▶ _WORK TASK_
Reproduce only the lines of the material below that start at the line containing "Fig 1. VereChip." and stop at the line containing "https://doi.org/10.1371/journal.pone.0228312.g001". Keep both end lines.

▶ _GIVEN INFORMATION_
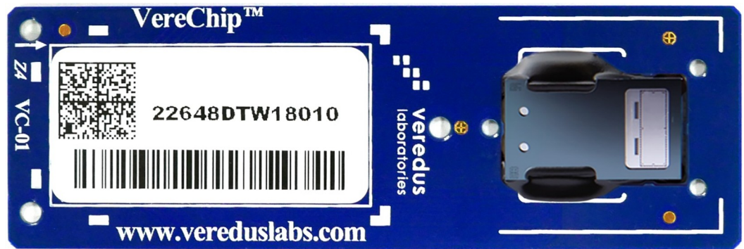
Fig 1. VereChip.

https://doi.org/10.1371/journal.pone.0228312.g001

==

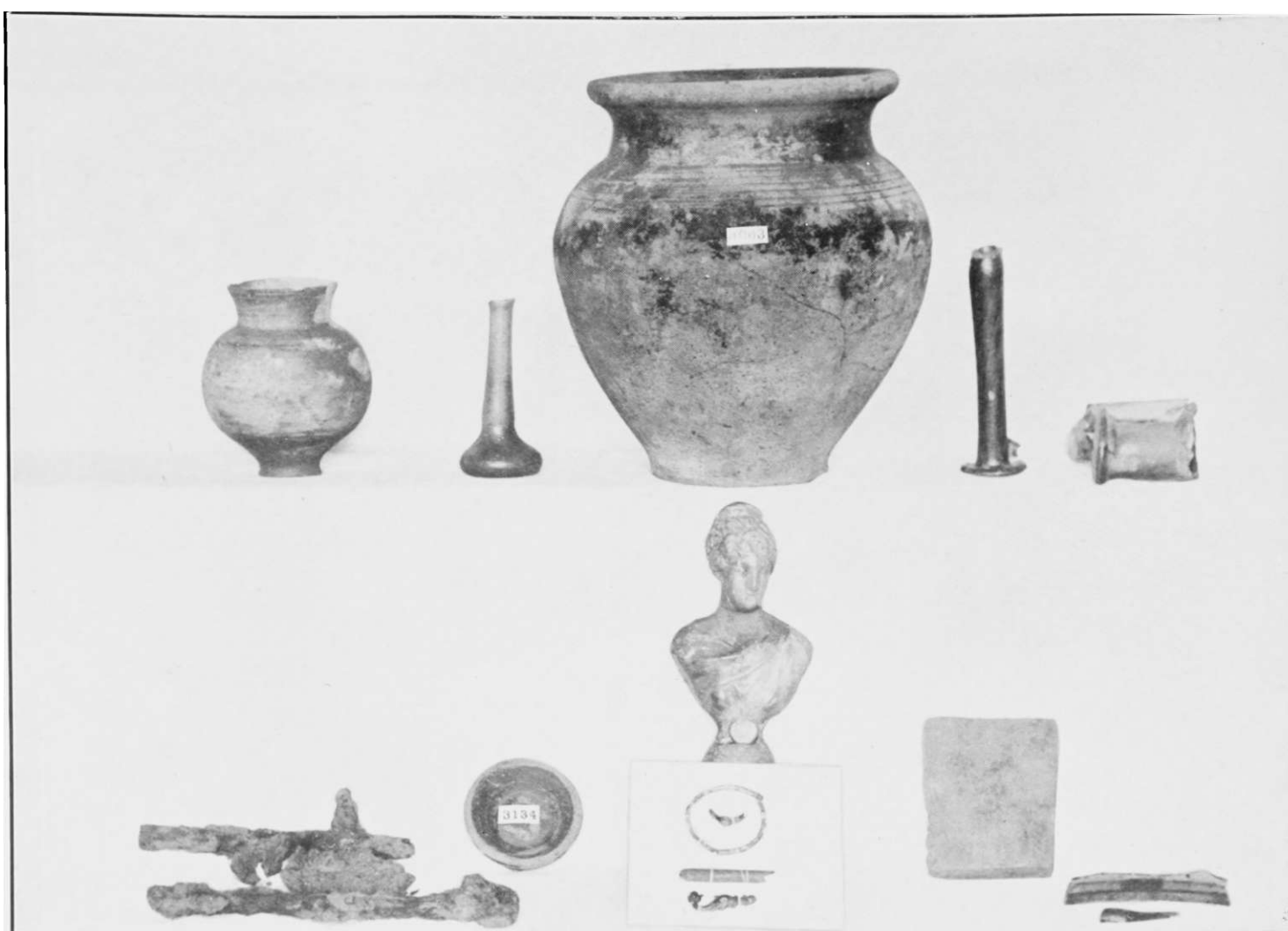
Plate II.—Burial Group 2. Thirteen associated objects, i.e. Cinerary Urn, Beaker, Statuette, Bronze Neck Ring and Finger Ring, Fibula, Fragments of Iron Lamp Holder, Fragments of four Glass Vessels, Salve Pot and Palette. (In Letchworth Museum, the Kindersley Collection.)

▶ _EXERCISE RESULT_
Fig 1. VereChip.

https://doi.org/10.1371/journal.pone.0228312.g001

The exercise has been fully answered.